Greg Bear’s Blood Music is of a subgenre that I think of as ’80s Californian SF. I have a lot of informal subgenres in my head, apparently. The subgenre designation is pretty obvious here, because Blood Music is set in (and, I assume, written in) California in the ‘80s, and starts in the biotech industry, where Our Not-Exactly Hero is attempting to create computational devices using genetically-engineered bacteria. Despite being decades-old, the focus on biotech makes the book feel fairly modern and up-to-date, as biotech remains the hot new frontier of science.

Blood Music is a novelization of an award-winning short story; I don’t know which parts of the book were in the original short story, and which were added on to make it novel-length, but I bet there are people out there who say the book sucks, because it just pads out the short story. Well, they’re wrong, as this is a book without much in the way of padding. Take very much out of the book, and it’ll feel abridged and terse. As it is, there’s already an amazingly high idea density in this short book, and already the characterizations feel a bit abbreviated — this is definitely a book where the peoples are props to the cool science fictional things going on.
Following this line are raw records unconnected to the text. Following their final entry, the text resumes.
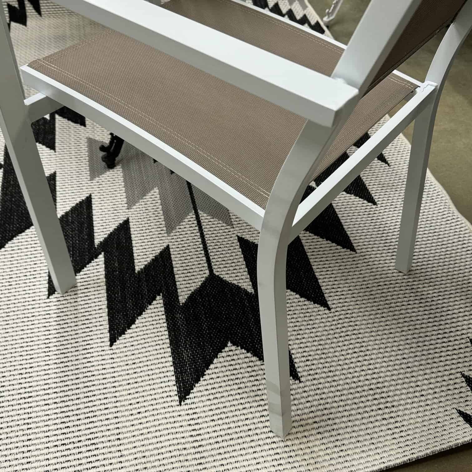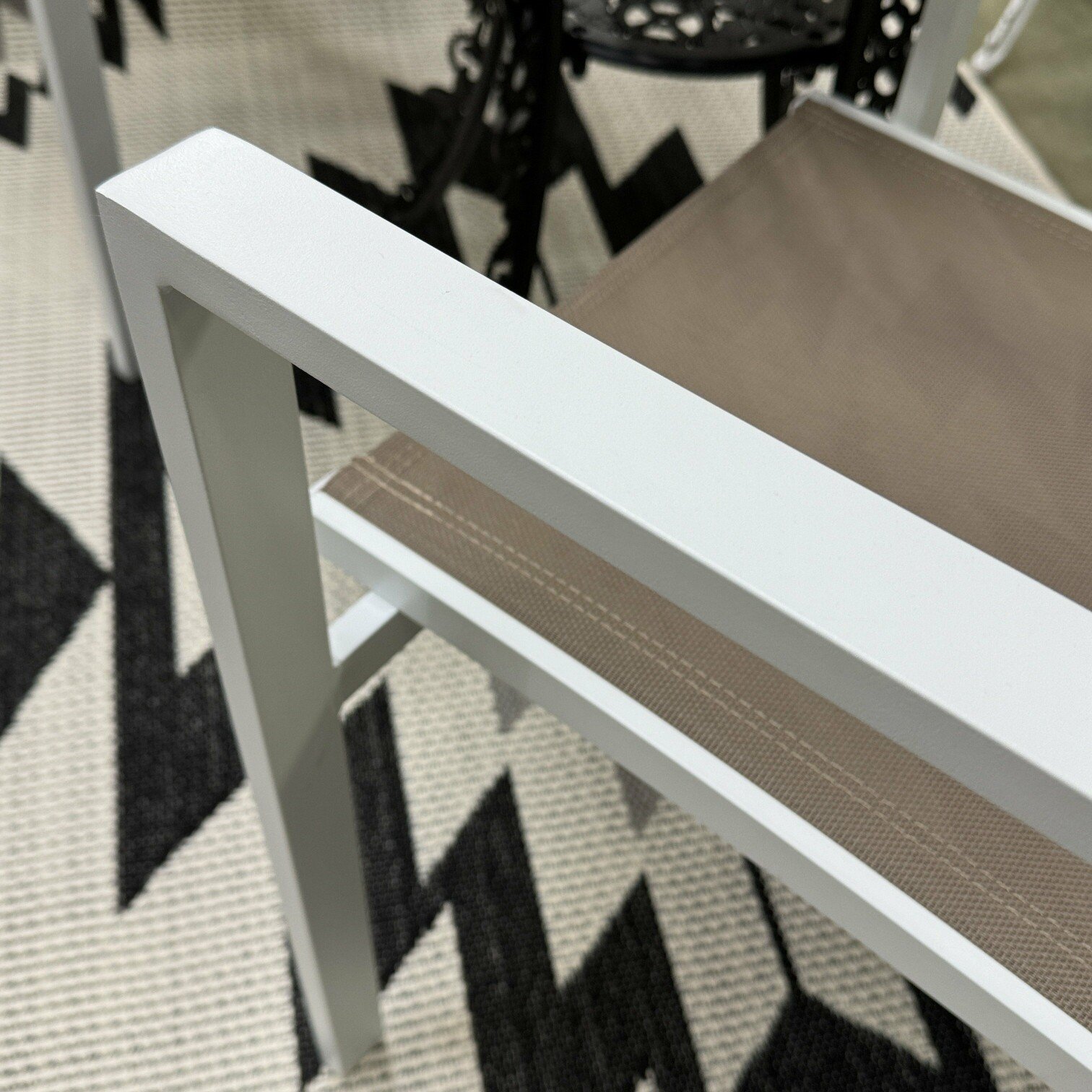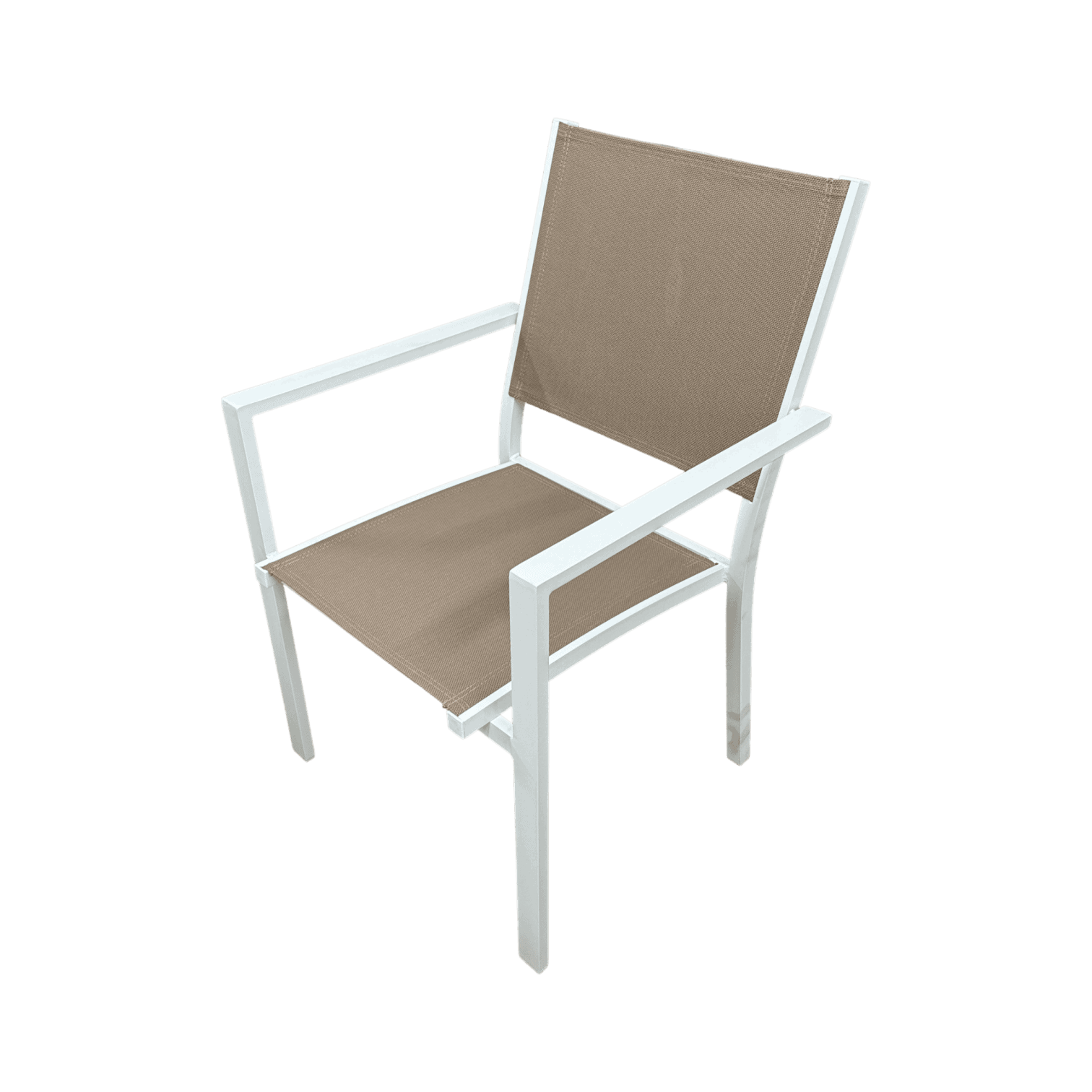 Alumīnija un tekstila krēsls. Lieliski piemērots maltītēm ārtelpās. Īpaši viegli saliekami viens uz otra.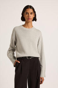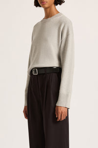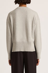 The Jasper Knit is made from a cotton yarn which has a dry hand feel. The silhouette is relaxed with a crew neckline and length finishing at the hips. Features include dropped shoulders, rib around collar, hem and cuff.
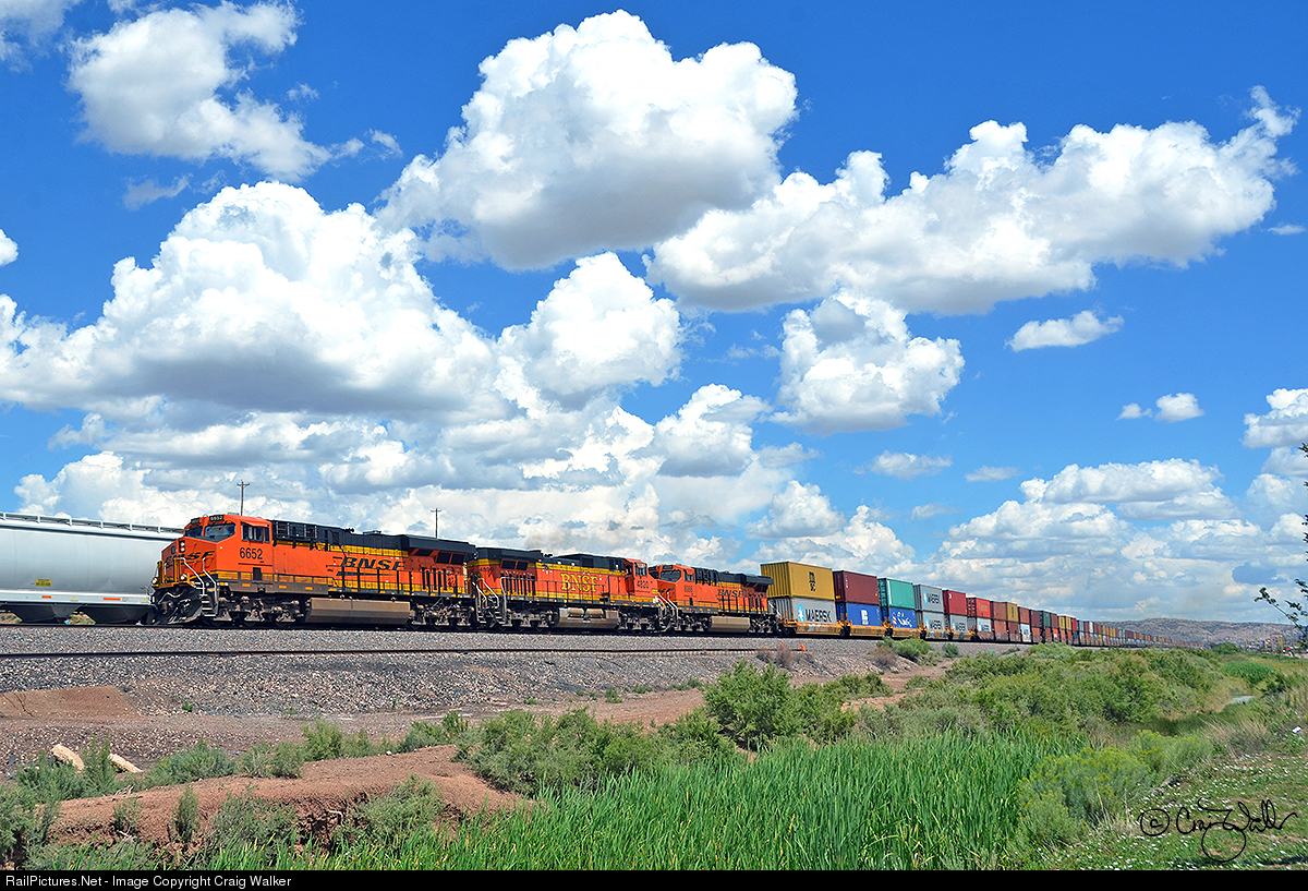 New Mexico often has spectacular skies, as was the case on August 13, 2017, as BNSF Railway intermodal stack train S-LPCLBT2-11 headed west out of Gallup. BNSF ES44C4 6652, BNSF Dash 9-44CW 4820 and BNSF ES44C4 8088 are in charge of the train, heading from Logistics Park Chicago IL to Long Beach CA's Pier T, which consists of 131 loads stretching for 11,822 feet.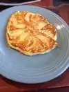 My wife and I both had pancakes, one with blueberries, the other with strawberries. They were excellent, not stacked, but one rather large flat pancake. Real maple syrup.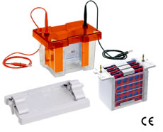 Os sistemas de eletroblotting foram projetados primariamente para eletroforese úmida de proteínas, e oferecem uma combinação de maior capacidade com aspectos econômicos. Os sistemas de eletroblotting tem maior capacidade do que os sistemas padrão. Até cinco cassetes de gel/blot podem ser utilizados de uma vez só para o Eletroblot Mini e Maxi, e até três cassetes de gel podem ser utilizados para o Eletroblot Mini Wide. Isso é muito útil em laboratórios de alto rendimento. Um campo elétrico uniforme é fornecido por um eletrodo de alta intensidade e garante transferência uniforme pela superfície do blot. A arquitetura aberta do cassete garante uma área de blot máxima e permite transferência direta de corrente. Sua construção rígida assegura contato entre o gel e a membrana, e a membrana retém completamente o blot onde uma pressão é mantida por igual. Essas unidades são compatíveis com agitadores magnéticos para ajudar a dispersar o calor e evitar quedas bruscas no pH do tampão devido a uma mistura incompleta do tampão. Cada unidade inclui um pacote de resfriamento para aumentar a eficiência da transferência por remover o excesso de calor. Isso também economiza a quantidade de tampão e aumenta a economia. |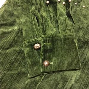 Hunter green lightweight velvet, fully lined, tunic, straight cut. 21 1/2 inches underarm to underarm, dry clean. From the Ralph Lauren collection, worn 1x. I can not locate the fabric but I believe to be cotton and maybe something else, no stretch. There is no label which is odd, I’m thinking it may of fell off and there is no size. I would say a medium to be safe,
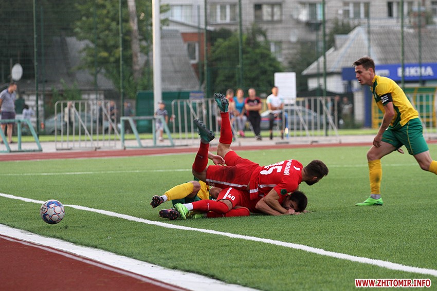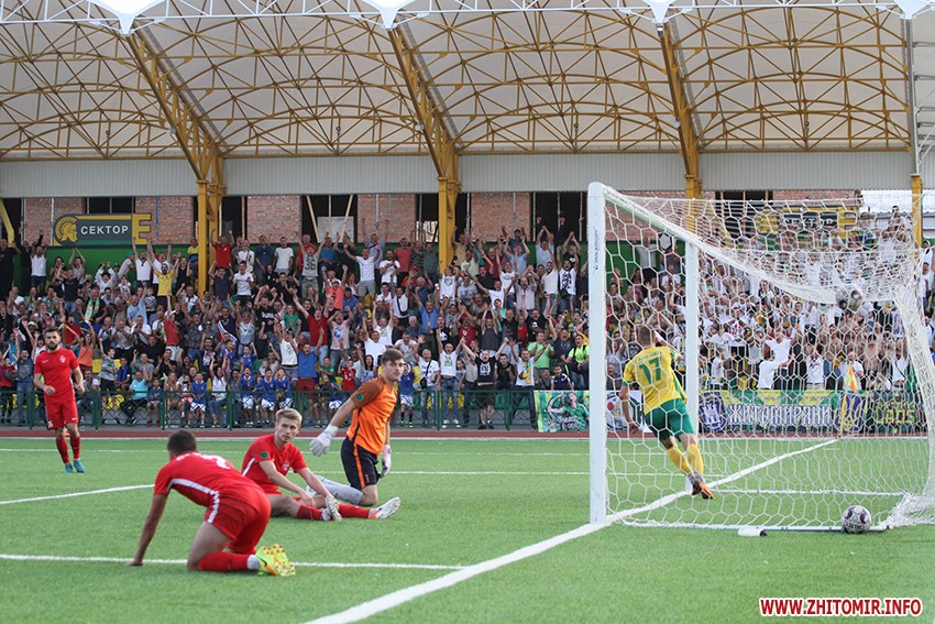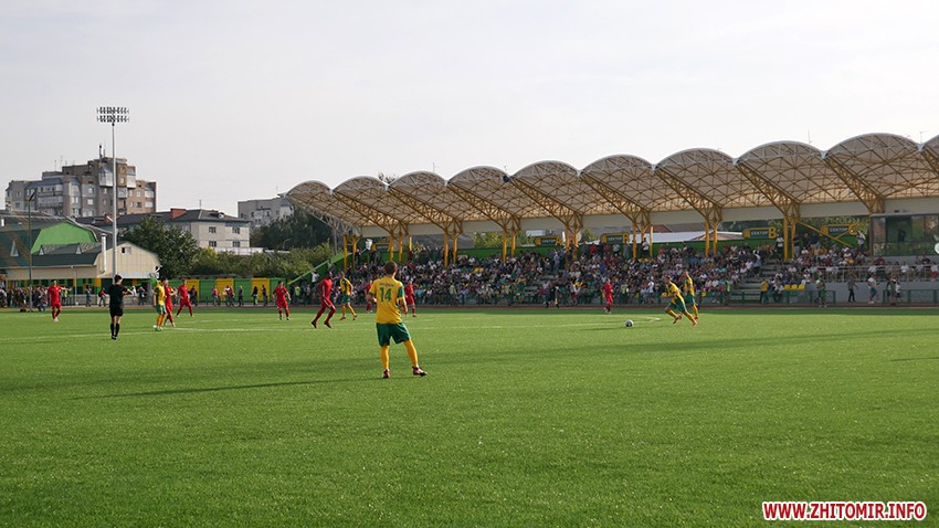В матчі 8 туру ІІ ліги ПФЛ «жовто-зелені» приймали ФК «Калуш». Нагадаємо, до цього домашні матчі житомирські футболісти грали у Коростені чи Новограді-Волинському.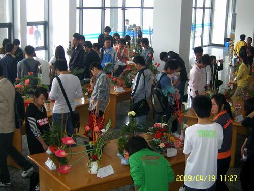 4月19日,生命科学学院2009年度艺术插花作品展在校新图书馆一楼大厅隆重举办,副院长刘正出席并参观了本次作品展。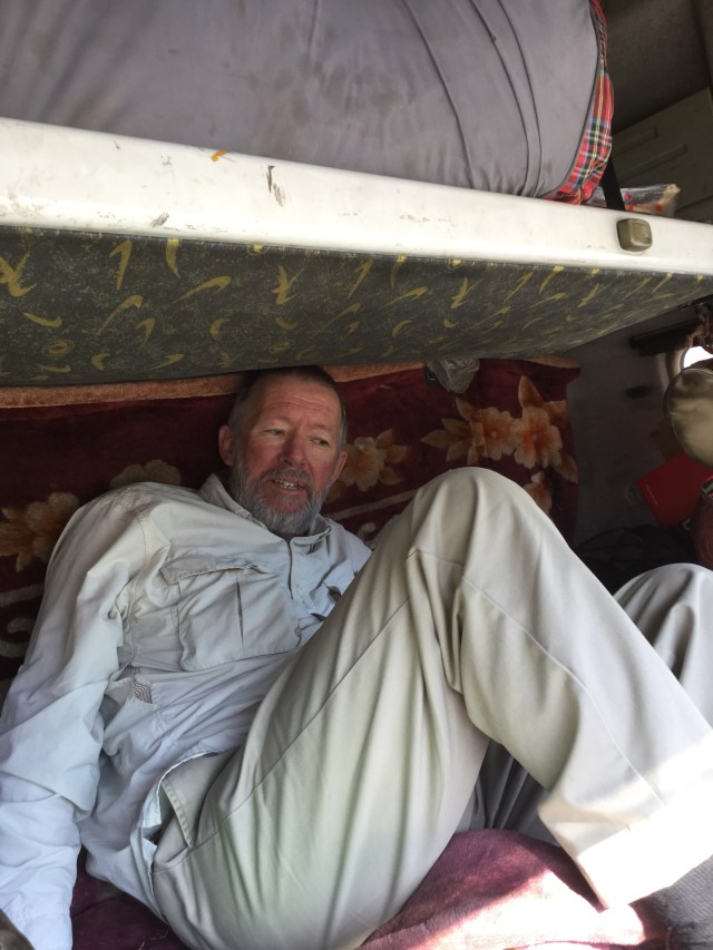 The first Kyrgyz checkpoint was a small carriage, brightly painted at a bend in the road. The next one was where we were dropped by our driver, who had arranged for a truck driver to take us 7km to the first of many Chinese border checkpoints. What an experience that was! I could only just climb into his truck, and Lionel was stretched out behind me in the sleeping area. The truck was overflowing with stuff. Watermelons, water bottles, bags of cucumbers, bread, apricots and pots of I don’t know what. The driver was very jolly, as we approached the border he started moving supplies into the container. Jams, sweets, cosmetics and medical supplies were all passed down to him.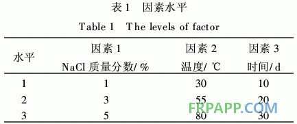 根據(jù)工程經(jīng)驗(yàn),復(fù)合材料的腐蝕老化與溫度、時(shí) 間、腐蝕介質(zhì)密切相關(guān),試驗(yàn)著重研究此3種因素與 材料腐蝕之間的關(guān)系,從中找出影響最大的因子。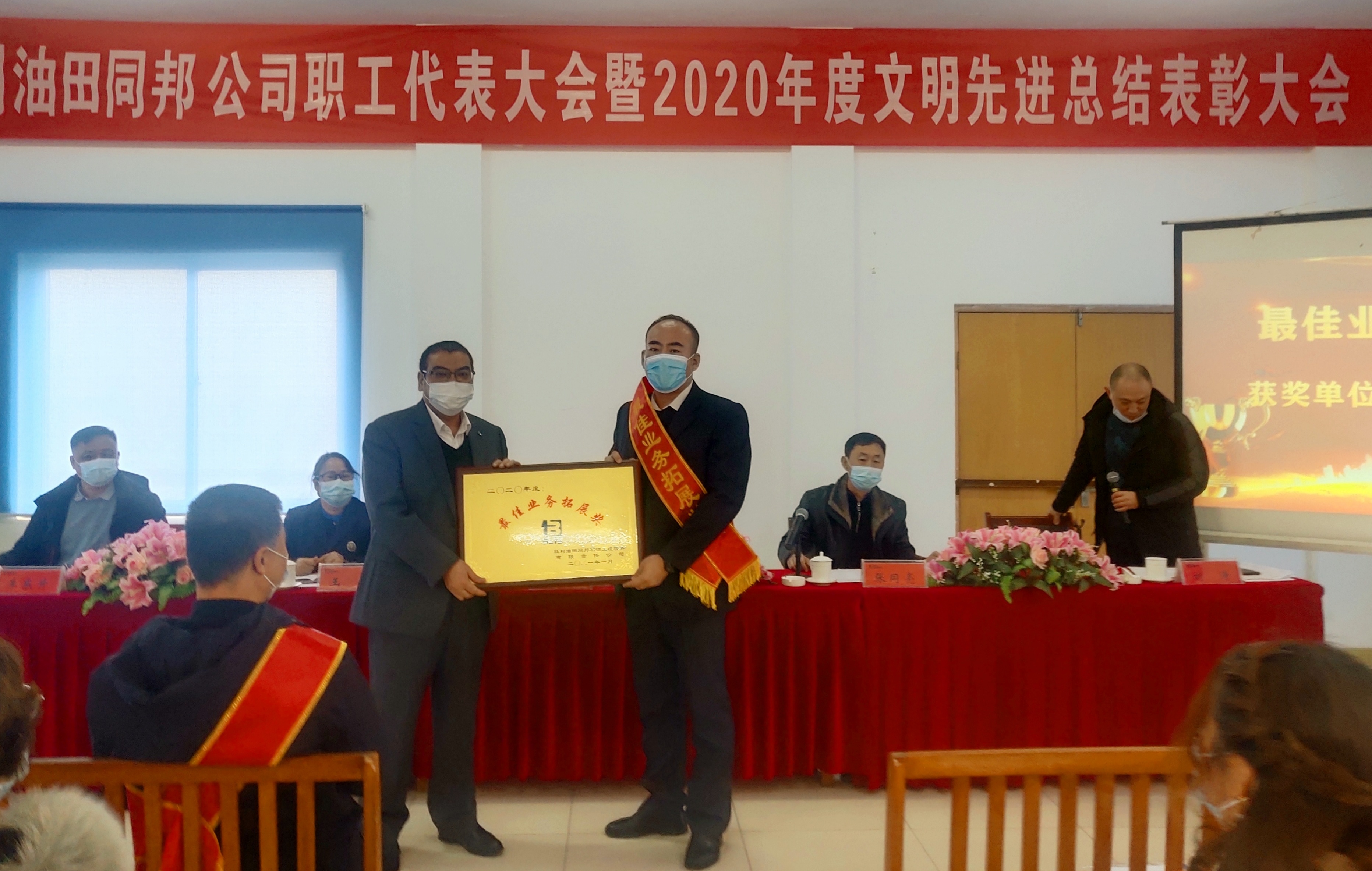 获得最佳业务拓展奖的北疆项目部、最佳效益奖的石油装备制修厂代表董彬、刘朋分别作了典型发言。没有播种,何来收获,没有辛苦,何来进步。面对艰巨的工作任务,圆满完成全年各项工作任务。荣誉既是鼓励,也是继续前行的动力,面对2021年,大家定会更加乘风破浪、坚毅前行,为公司持续发展贡献自己的全部热情和力量。

Highly recommended to fans of idea-laden SF.

Greg Bear’s Eon falls into an entirely different subgenre: The BDO exploration novel. It’s particularly reminiscent of Clarke’s Rendezvous With Rama, as both books feature humans exploring the uninhabited cylindrical interior of a giant alien spaceship, and trying to figure out what the heck is going on. But Bear’s book doesn’t stand up to that comparison. The most important thing in a book like this is sense of wonder — the book needs to make you feel like you’re exploring something beyond the ken of human minds, something stranger and more wonderful than you would have thought of. Clarke does that admirably. Bear hardly even tries.

That’s not the only flaw in Bear’s novel: The world-building is weirdly off, as well. The story takes place in 2005 as viewed from 1985: The U.S. is in the increasingly hot stages of the Cold War with a more-hostile U.S.S.R. But that’s not the part that sounds wrong; obviously, it didn’t happen, but I’m perfectly okay with giving Bear a pass on that. What gets me is this: In the book’s history, a nuclear exchange happened in the late 1990s, wiping out entirely Atlanta, Kiev, and a couple of other second-tier cities. Now, what would you call an event like that? Maybe “World War III”, or something with “Great” in the name, right? Well, the people of Bear’s world call it “The Little Death.” Little! This makes no sense at all... until you find out that in the future, there’ll be a larger nuclear attack, which will be simply called “The Death.” Of course, the people in Bear’s world don’t know this yet, so it’s awfully prescient of them to have called their nuclear attack The Little Death, the same way it was prescient of folks in the 1920s to refer to “World War I.”

All that said, Eon wasn’t a bad book. I did read through it quickly enough, and it got better as it went along. It’s just one of those basically mediocre books that’s okay, but nothing more; disappointing after having read the excellent Blood Music.